(Provided data begins)
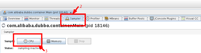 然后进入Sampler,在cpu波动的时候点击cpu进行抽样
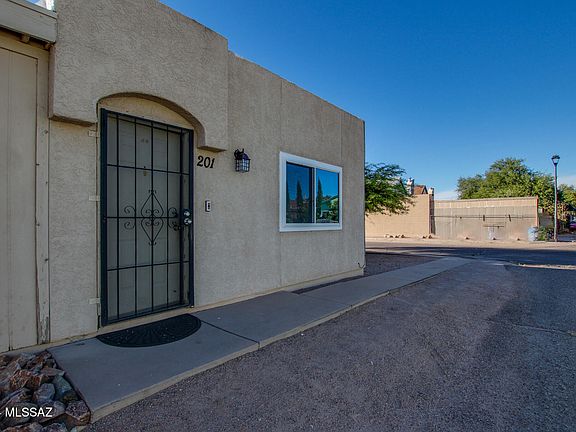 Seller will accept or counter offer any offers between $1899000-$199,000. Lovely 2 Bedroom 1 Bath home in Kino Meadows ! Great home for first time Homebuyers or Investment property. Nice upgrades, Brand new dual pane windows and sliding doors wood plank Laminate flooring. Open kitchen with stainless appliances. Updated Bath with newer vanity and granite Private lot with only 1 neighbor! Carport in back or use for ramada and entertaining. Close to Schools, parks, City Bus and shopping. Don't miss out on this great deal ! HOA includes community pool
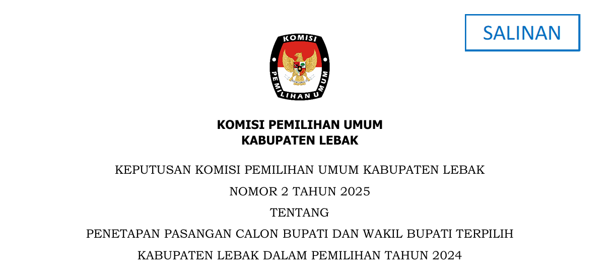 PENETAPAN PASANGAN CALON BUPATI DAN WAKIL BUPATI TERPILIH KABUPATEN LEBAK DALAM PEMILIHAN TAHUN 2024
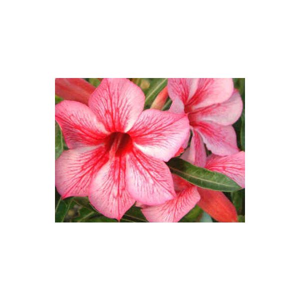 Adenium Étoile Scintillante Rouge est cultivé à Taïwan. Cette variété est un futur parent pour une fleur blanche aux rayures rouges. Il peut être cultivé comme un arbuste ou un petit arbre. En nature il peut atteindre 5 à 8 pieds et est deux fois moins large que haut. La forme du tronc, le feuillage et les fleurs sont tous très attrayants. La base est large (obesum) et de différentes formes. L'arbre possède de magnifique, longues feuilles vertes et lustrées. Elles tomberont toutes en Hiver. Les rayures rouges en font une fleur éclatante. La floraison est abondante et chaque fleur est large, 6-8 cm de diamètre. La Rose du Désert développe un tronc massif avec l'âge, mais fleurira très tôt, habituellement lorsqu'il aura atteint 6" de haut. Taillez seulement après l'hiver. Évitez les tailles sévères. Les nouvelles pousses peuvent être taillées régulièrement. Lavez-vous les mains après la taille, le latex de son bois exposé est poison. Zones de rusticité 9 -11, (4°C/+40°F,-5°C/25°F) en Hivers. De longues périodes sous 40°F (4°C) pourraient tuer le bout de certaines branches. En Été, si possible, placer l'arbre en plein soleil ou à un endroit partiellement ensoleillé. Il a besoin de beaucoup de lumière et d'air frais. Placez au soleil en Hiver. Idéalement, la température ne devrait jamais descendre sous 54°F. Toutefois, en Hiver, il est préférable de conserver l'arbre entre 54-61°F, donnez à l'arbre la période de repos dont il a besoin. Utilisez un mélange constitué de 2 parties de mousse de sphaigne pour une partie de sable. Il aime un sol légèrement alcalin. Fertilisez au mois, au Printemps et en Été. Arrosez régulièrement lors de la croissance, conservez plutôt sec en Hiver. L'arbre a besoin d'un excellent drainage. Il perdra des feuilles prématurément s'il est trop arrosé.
(Provided data ends)
Problem to solve ::
Transcribe the whole listing exactly. Pictures stay out of your copy.

Exercise response ::
 然后进入Sampler,在cpu波动的时候点击cpu进行抽样
 Seller will accept or counter offer any offers between $1899000-$199,000. Lovely 2 Bedroom 1 Bath home in Kino Meadows ! Great home for first time Homebuyers or Investment property. Nice upgrades, Brand new dual pane windows and sliding doors wood plank Laminate flooring. Open kitchen with stainless appliances. Updated Bath with newer vanity and granite Private lot with only 1 neighbor! Carport in back or use for ramada and entertaining. Close to Schools, parks, City Bus and shopping. Don't miss out on this great deal ! HOA includes community pool
 PENETAPAN PASANGAN CALON BUPATI DAN WAKIL BUPATI TERPILIH KABUPATEN LEBAK DALAM PEMILIHAN TAHUN 2024
 Adenium Étoile Scintillante Rouge est cultivé à Taïwan. Cette variété est un futur parent pour une fleur blanche aux rayures rouges. Il peut être cultivé comme un arbuste ou un petit arbre. En nature il peut atteindre 5 à 8 pieds et est deux fois moins large que haut. La forme du tronc, le feuillage et les fleurs sont tous très attrayants. La base est large (obesum) et de différentes formes. L'arbre possède de magnifique, longues feuilles vertes et lustrées. Elles tomberont toutes en Hiver. Les rayures rouges en font une fleur éclatante. La floraison est abondante et chaque fleur est large, 6-8 cm de diamètre. La Rose du Désert développe un tronc massif avec l'âge, mais fleurira très tôt, habituellement lorsqu'il aura atteint 6" de haut. Taillez seulement après l'hiver. Évitez les tailles sévères. Les nouvelles pousses peuvent être taillées régulièrement. Lavez-vous les mains après la taille, le latex de son bois exposé est poison. Zones de rusticité 9 -11, (4°C/+40°F,-5°C/25°F) en Hivers. De longues périodes sous 40°F (4°C) pourraient tuer le bout de certaines branches. En Été, si possible, placer l'arbre en plein soleil ou à un endroit partiellement ensoleillé. Il a besoin de beaucoup de lumière et d'air frais. Placez au soleil en Hiver. Idéalement, la température ne devrait jamais descendre sous 54°F. Toutefois, en Hiver, il est préférable de conserver l'arbre entre 54-61°F, donnez à l'arbre la période de repos dont il a besoin. Utilisez un mélange constitué de 2 parties de mousse de sphaigne pour une partie de sable. Il aime un sol légèrement alcalin. Fertilisez au mois, au Printemps et en Été. Arrosez régulièrement lors de la croissance, conservez plutôt sec en Hiver. L'arbre a besoin d'un excellent drainage. Il perdra des feuilles prématurément s'il est trop arrosé.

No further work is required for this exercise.